DATA FOR THE TASK »
>>>>>

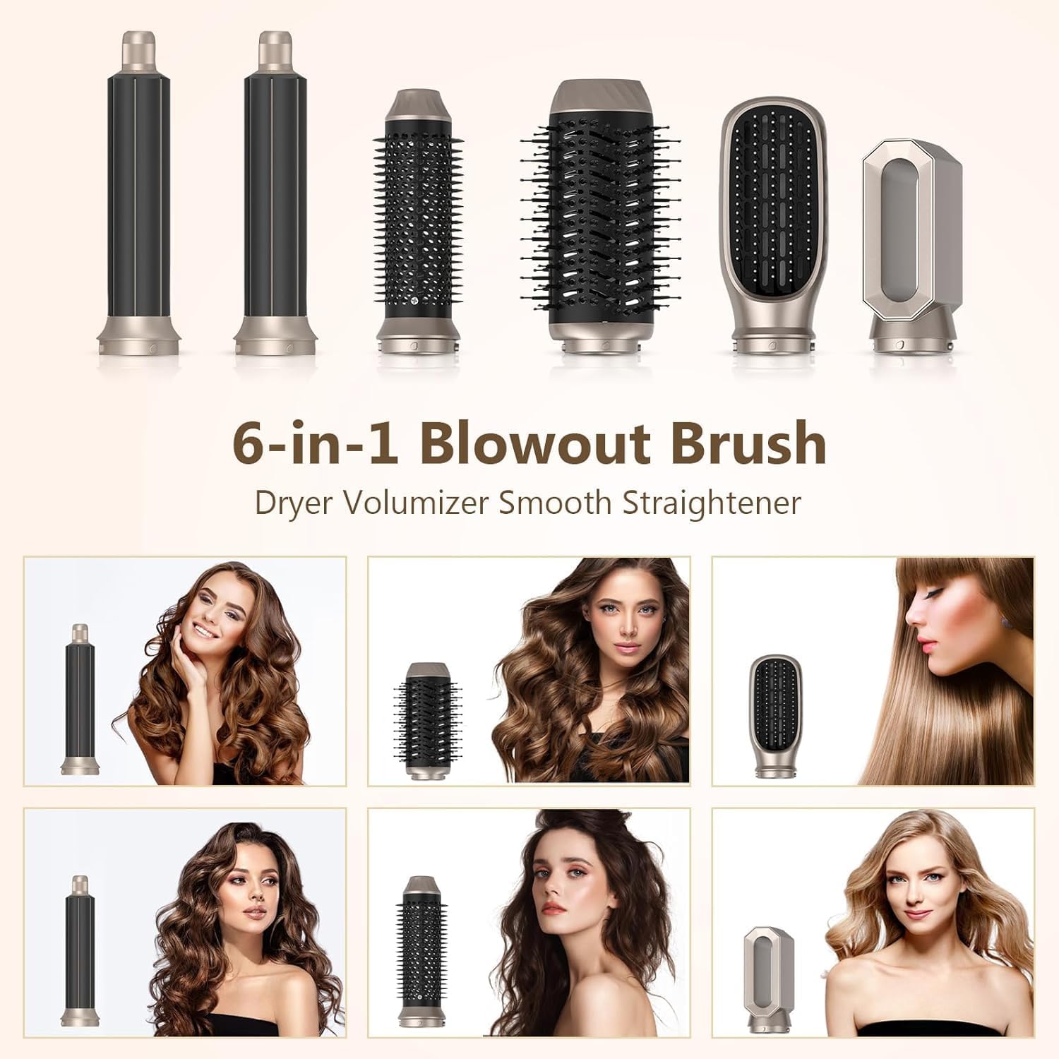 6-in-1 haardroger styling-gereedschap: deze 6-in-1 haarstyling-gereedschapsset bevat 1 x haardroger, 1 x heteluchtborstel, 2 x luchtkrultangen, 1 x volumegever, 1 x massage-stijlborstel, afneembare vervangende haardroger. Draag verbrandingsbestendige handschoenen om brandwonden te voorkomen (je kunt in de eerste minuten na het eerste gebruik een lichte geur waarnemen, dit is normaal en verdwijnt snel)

<<<<<
>>>>>

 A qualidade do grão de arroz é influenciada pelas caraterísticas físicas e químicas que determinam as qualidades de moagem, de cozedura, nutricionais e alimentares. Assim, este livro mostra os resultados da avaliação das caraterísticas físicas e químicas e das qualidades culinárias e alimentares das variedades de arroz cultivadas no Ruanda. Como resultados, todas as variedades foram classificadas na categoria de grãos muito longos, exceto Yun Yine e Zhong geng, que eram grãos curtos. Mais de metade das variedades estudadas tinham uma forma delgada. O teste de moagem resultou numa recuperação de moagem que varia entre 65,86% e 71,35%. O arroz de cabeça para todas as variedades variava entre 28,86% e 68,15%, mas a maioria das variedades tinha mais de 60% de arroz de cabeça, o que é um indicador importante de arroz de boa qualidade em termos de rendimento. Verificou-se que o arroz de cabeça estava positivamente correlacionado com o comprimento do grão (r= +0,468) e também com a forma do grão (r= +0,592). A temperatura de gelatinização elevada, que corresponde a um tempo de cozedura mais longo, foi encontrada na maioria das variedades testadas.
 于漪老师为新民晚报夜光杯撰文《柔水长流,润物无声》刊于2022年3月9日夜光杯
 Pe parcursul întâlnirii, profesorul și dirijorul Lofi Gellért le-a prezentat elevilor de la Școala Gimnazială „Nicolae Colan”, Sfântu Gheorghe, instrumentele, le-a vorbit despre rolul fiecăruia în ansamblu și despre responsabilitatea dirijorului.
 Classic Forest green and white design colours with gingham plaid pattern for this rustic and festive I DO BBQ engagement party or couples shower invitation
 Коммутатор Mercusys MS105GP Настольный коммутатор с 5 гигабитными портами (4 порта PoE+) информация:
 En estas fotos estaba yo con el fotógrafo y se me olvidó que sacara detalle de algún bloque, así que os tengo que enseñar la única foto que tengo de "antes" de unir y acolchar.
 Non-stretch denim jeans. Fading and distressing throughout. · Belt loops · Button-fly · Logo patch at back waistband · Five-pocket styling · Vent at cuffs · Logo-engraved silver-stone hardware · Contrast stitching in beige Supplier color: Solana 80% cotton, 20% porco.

<<<<<
>>>>>

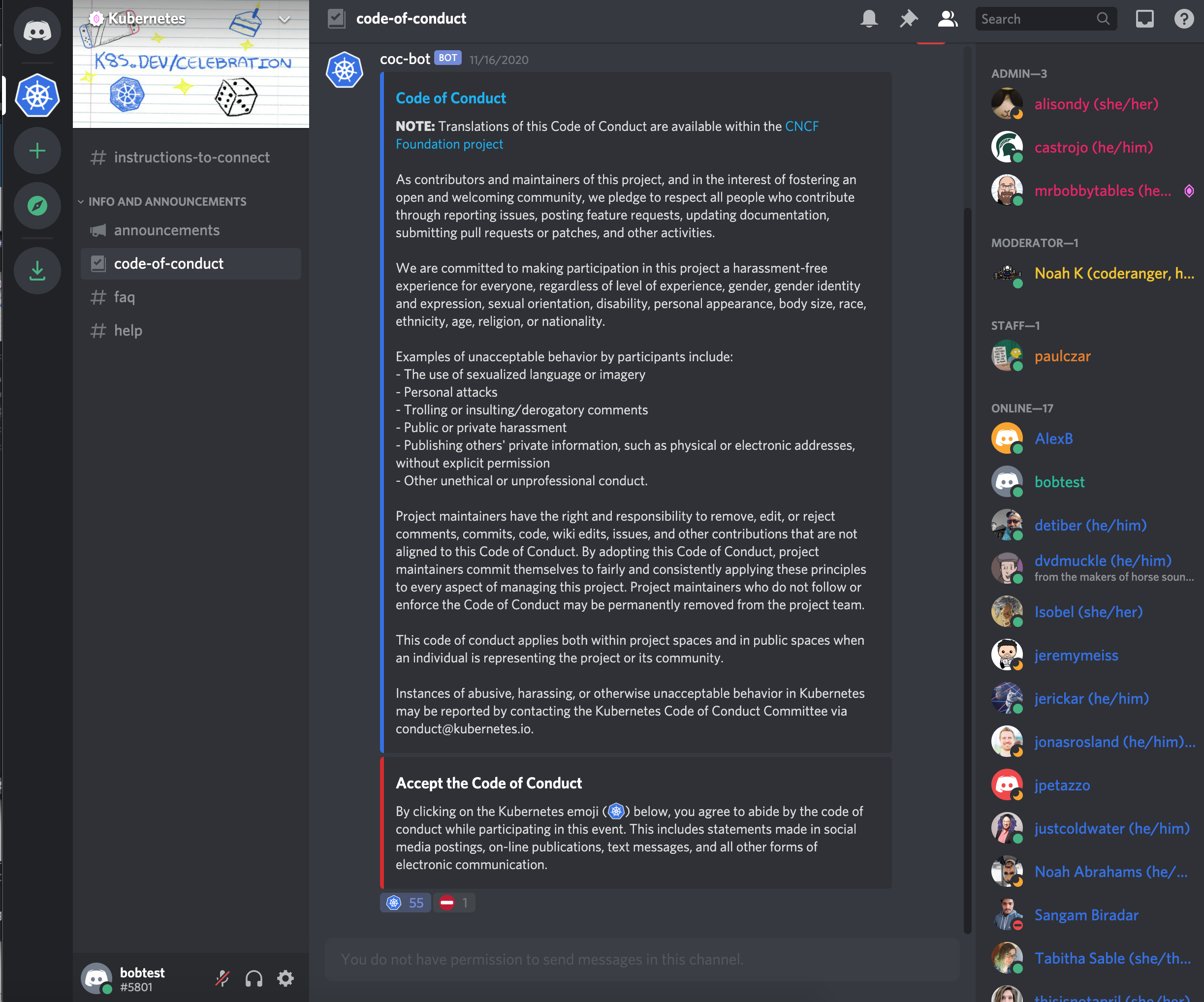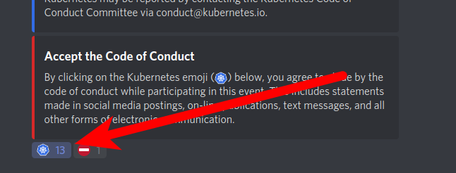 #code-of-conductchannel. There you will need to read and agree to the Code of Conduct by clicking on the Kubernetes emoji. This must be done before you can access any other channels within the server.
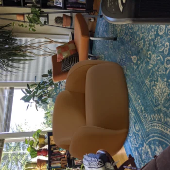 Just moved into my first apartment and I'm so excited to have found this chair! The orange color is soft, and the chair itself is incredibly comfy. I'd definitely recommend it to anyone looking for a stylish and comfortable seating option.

<<<<<

TASK BRIEF » In the data above, find the line with "Pe parcursul întâlnirii, profesorul" and the line with "Classic Forest green". Retype both, plus every line between them, exactly.

EXERCISE ANSWER »
 Pe parcursul întâlnirii, profesorul și dirijorul Lofi Gellért le-a prezentat elevilor de la Școala Gimnazială „Nicolae Colan”, Sfântu Gheorghe, instrumentele, le-a vorbit despre rolul fiecăruia în ansamblu și despre responsabilitatea dirijorului.
 Classic Forest green and white design colours with gingham plaid pattern for this rustic and festive I DO BBQ engagement party or couples shower invitation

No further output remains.